**Available data:**

==================================================

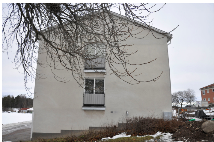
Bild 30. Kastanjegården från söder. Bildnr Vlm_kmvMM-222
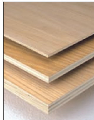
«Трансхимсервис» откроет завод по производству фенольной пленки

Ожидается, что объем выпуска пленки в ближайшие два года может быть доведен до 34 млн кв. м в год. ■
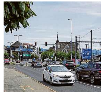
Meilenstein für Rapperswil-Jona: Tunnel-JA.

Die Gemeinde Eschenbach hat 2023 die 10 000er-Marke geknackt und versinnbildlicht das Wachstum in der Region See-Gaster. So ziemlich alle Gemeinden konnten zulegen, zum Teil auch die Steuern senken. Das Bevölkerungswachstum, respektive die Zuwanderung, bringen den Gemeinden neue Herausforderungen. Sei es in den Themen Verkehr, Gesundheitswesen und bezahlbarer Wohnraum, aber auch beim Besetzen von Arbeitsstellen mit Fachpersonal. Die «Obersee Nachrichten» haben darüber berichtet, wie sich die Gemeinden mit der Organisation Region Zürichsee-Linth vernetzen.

==================================================

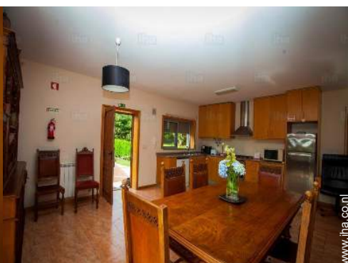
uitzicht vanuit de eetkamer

==================================================

**Activity:** Set the pictures aside and transcribe exactly the stretch of lines above, beginning with the one holding "Ожидается, что объем" and ending with the one holding "Meilenstein für Rapperswil-Jona: Tunnel-JA.".

**Response to this task:**
Ожидается, что объем выпуска пленки в ближайшие два года может быть доведен до 34 млн кв. м в год. ■
Meilenstein für Rapperswil-Jona: Tunnel-JA.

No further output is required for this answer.